BEGIN

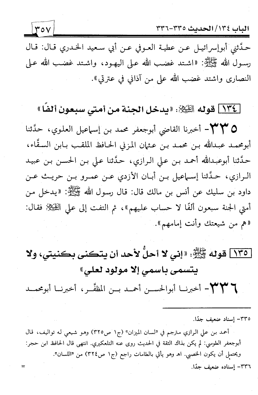 335 - أخبرنا القاضي أبو جعفر محمد بن إسماعيل العلوي، حدثنا أبو محمد عبد الله بن محمد بن عثمان المزني الحافظ الملقب بابن السقاء، حدثنا أبو عبد الله أحمد بن علي الرازي، حدثنا علي بن الحسن بن عبيد الرازي، حدثنا إسماعيل بن أبان الأزدي عن عمرو بن حريث عن داود بن سليك عن أنس بن مالك قال: قال رسول الله صلى الله عليه وسلم: ((يدخل من أمتي الجنة سبعون ألفاً لا حساب عليهم))، ثم التفت إلي علي عليه السلام فقال: ((هم من شيعتك وأنت إمامهم)).
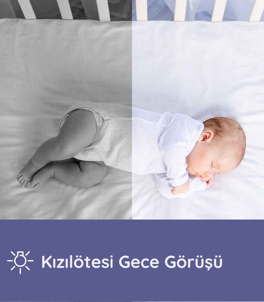Önceden yüklenmiş hazır ninnilerle bebeğinizin uyumasını kolaylaştırırken, kızılötesi gece görüşüyle karanlık ortamda bile bebeğinizi izlemenin tadını çıkarabilirsiniz.
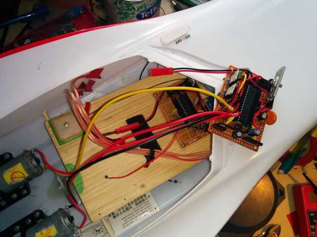 Siguiente orden del día fue garantizar el prototipo. Tengo un pedazo de madera, pegado en caliente un soporte horizontal (un pincho de bambú) cerca de los motores y velcro el pedazo de madera para el barco y el apoyo. El velcro tenía suficiente fuerza de retención para mantener el piloto automático asegurado, incluso al revés.
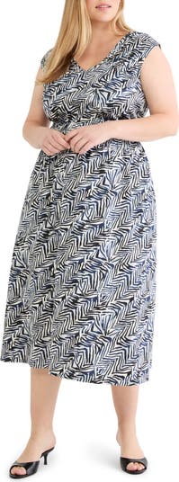 An elastic waist shapes the silhouette of this lightweight cap-sleeve midi cut from stretch cotton and covered in an energizing print.
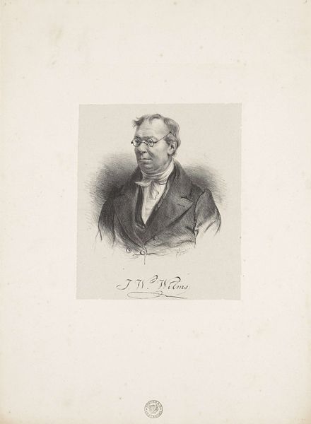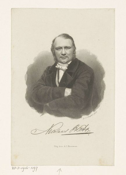 Editor: This is a portrait drawing of Nicolaas Beets, made with pencil between 1850 and 1883, by Adrianus Johannes Ehnle. It’s quite striking; his eyes seem to hold a certain melancholy. What do you see in this piece? Curator: The eyes are, indeed, key. Notice how they are rendered with such fine detail, contrasting with the looser treatment of the jacket. What emotions do you read? The subtle use of shadow around his eyes creates a sense of depth but also vulnerability. This drawing might echo societal shifts; a move away from overt displays of power towards inward reflection of the individual, mirroring perhaps the anxieties and intellectual ferment of the period. Editor: I see, it's like he's contemplating something serious, even troubled. Is that a typical sentiment portrayed in portraiture of this era? Curator: Not always, but the rise of Realism, and with it psychological exploration in the arts, sought to depict the subject “warts and all.” And beyond his expression, let's observe his clothing. A dark coat, buttoned high, and plain white shirt suggests restraint. Do these details signify something beyond mere fashion? Editor: Maybe a subtle commentary on his character, or social standing perhaps? Almost like a visual representation of his inner life? Curator: Precisely. Each carefully chosen element contributes to a narrative, inviting us to consider Beets’ intellectual standing and place in the rapidly changing world. Editor: This has been fascinating. I never would have considered reading the details like that. Curator: Paying close attention reveals a depth that encourages critical interpretation. There's always more to see than initially meets the eye.

END

> [WORK ITEM]: Would you please set down the data above again exactly, without its pictures?

> [SOLUTION BELOW]:
 335 - أخبرنا القاضي أبو جعفر محمد بن إسماعيل العلوي، حدثنا أبو محمد عبد الله بن محمد بن عثمان المزني الحافظ الملقب بابن السقاء، حدثنا أبو عبد الله أحمد بن علي الرازي، حدثنا علي بن الحسن بن عبيد الرازي، حدثنا إسماعيل بن أبان الأزدي عن عمرو بن حريث عن داود بن سليك عن أنس بن مالك قال: قال رسول الله صلى الله عليه وسلم: ((يدخل من أمتي الجنة سبعون ألفاً لا حساب عليهم))، ثم التفت إلي علي عليه السلام فقال: ((هم من شيعتك وأنت إمامهم)).
Önceden yüklenmiş hazır ninnilerle bebeğinizin uyumasını kolaylaştırırken, kızılötesi gece görüşüyle karanlık ortamda bile bebeğinizi izlemenin tadını çıkarabilirsiniz.
 Siguiente orden del día fue garantizar el prototipo. Tengo un pedazo de madera, pegado en caliente un soporte horizontal (un pincho de bambú) cerca de los motores y velcro el pedazo de madera para el barco y el apoyo. El velcro tenía suficiente fuerza de retención para mantener el piloto automático asegurado, incluso al revés.
 An elastic waist shapes the silhouette of this lightweight cap-sleeve midi cut from stretch cotton and covered in an energizing print.
 Editor: This is a portrait drawing of Nicolaas Beets, made with pencil between 1850 and 1883, by Adrianus Johannes Ehnle. It’s quite striking; his eyes seem to hold a certain melancholy. What do you see in this piece? Curator: The eyes are, indeed, key. Notice how they are rendered with such fine detail, contrasting with the looser treatment of the jacket. What emotions do you read? The subtle use of shadow around his eyes creates a sense of depth but also vulnerability. This drawing might echo societal shifts; a move away from overt displays of power towards inward reflection of the individual, mirroring perhaps the anxieties and intellectual ferment of the period. Editor: I see, it's like he's contemplating something serious, even troubled. Is that a typical sentiment portrayed in portraiture of this era? Curator: Not always, but the rise of Realism, and with it psychological exploration in the arts, sought to depict the subject “warts and all.” And beyond his expression, let's observe his clothing. A dark coat, buttoned high, and plain white shirt suggests restraint. Do these details signify something beyond mere fashion? Editor: Maybe a subtle commentary on his character, or social standing perhaps? Almost like a visual representation of his inner life? Curator: Precisely. Each carefully chosen element contributes to a narrative, inviting us to consider Beets’ intellectual standing and place in the rapidly changing world. Editor: This has been fascinating. I never would have considered reading the details like that. Curator: Paying close attention reveals a depth that encourages critical interpretation. There's always more to see than initially meets the eye.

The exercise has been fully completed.